Nikolas Ferreira é condenado por ter chamado trans de “homem”

O Tribunal de Justiça de São Paulo (TJ-SP) condenou o deputado federal Nikolas Ferreira (PL-MG) na última quarta-feira (19). Nikolas terá que pagar o valor de R$ 40 mil por danos morais a uma mulher transgênero. O caso ocorreu em 2022, quando o então vereador de Belo Horizonte chamou a parte autora do processo de “homem”.

Conteúdo da declaração considerada ofensiva

O episódio que motivou a ação judicial envolveu uma crítica do parlamentar a um vídeo: – Essa pessoa aqui se considera mulher, mas ela é homem, e estava alegando transfobia. Então agora você é obrigado a depilar um pênis ou, caso contrário, você é transfóbico – afirmou Nikolas na época, se referindo a um vídeo em que a autora dizia ter sofrido transfobia em um salão de beleza.

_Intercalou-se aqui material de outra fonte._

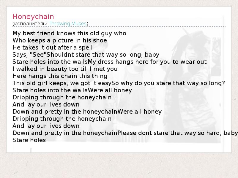Down and pretty in the honeychainPlease dont stare that way so hard, baby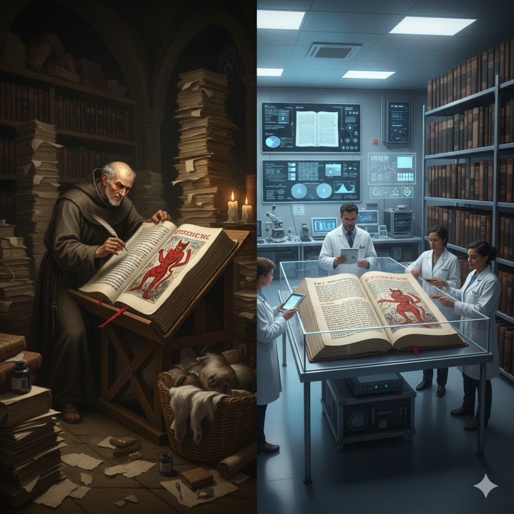 2. インクの組成の均一性: 使用されているインクの組成(化学的成分)も、写本の始めから終わりまで均一な特性を持っていることが判明しています。中世においてインクの品質を長期間維持し、継続的に大量に調合し続けることは至難の業です。この均一性は、一人の人物が長期間にわたり、同じ方法と環境で作業を続けたという事実を裏付けています。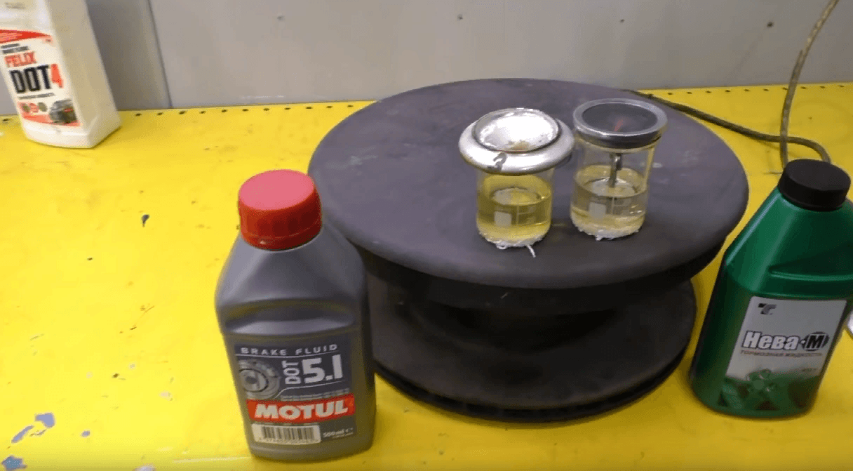 И финальный тест — Нева DOT-3 и Motul DOT 5.1. Посмотрим, кто кого. По идее, DOT-3 должен закипать на 180 градусах, а Dot 5.1 — где-то на 270.

Defesa e reação do parlamentar

Após a denúncia, o parlamentar alegou que suas críticas estavam vinculadas ao debate sobre “ideologia de gênero” e que não havia intenção de deslegitimar a dignidade da autora. Ainda cabe recurso da decisão. Em suas redes sociais, Nikolas comentou a condenação: – Virou crime chamar homem de homem. Repito: virou crime dizer uma verdade biológica. Centenas de processos, nenhum condenado por corrupção, lavagem de dinheiro, desvio de emenda e roubo de aposentado. Só resta condenar por dizer verdades– disse.

Fundamentação da sentença

O juiz André Salvador Bezerra da 42ª Vara Cível de São Paulo, afirmou que o parlamentar legitimou a conduta discriminatória sofrida pela mulher trans. De acordo com o juiz, essa atitude “possui maior potencial nocivo perante toda a sociedade”.

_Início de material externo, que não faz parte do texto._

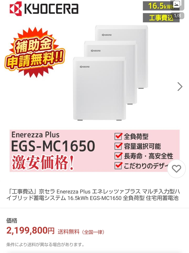 『蓄電池のみの工事費込み通販価格例』 太陽光発電 購入相談 りゅ774さんのクチコミ掲示板画像1/1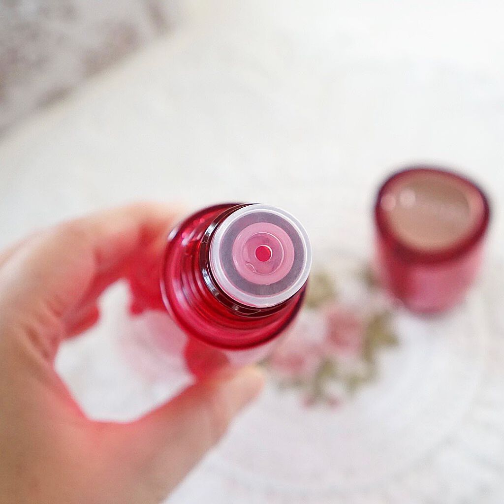 肌に潤いを与え、シミ・そばかすを防いでくもりのない肌へ導く美容液 いちごシロップみたいな見た目が好き、ビタミン12由来の色なんだそう とろみがあるけどメイク前にも使えるのがいいなと思うベタつきにくいテクスチャー

Valores e argumentos da defesa

A parte autora havia solicitado inicialmente R$ 20 mil, valor que o Juiz/Tribunal posteriormente majorou para R$ 50 mil, mas fixou em R$ 40 mil. No processo, a defesa do deputado sustentou que a republicação do vídeo “se limitou ao exercício da liberdade de expressão e manifestação político-ideológica, sem ofensas direcionadas à autora ou práticas discriminatórias”.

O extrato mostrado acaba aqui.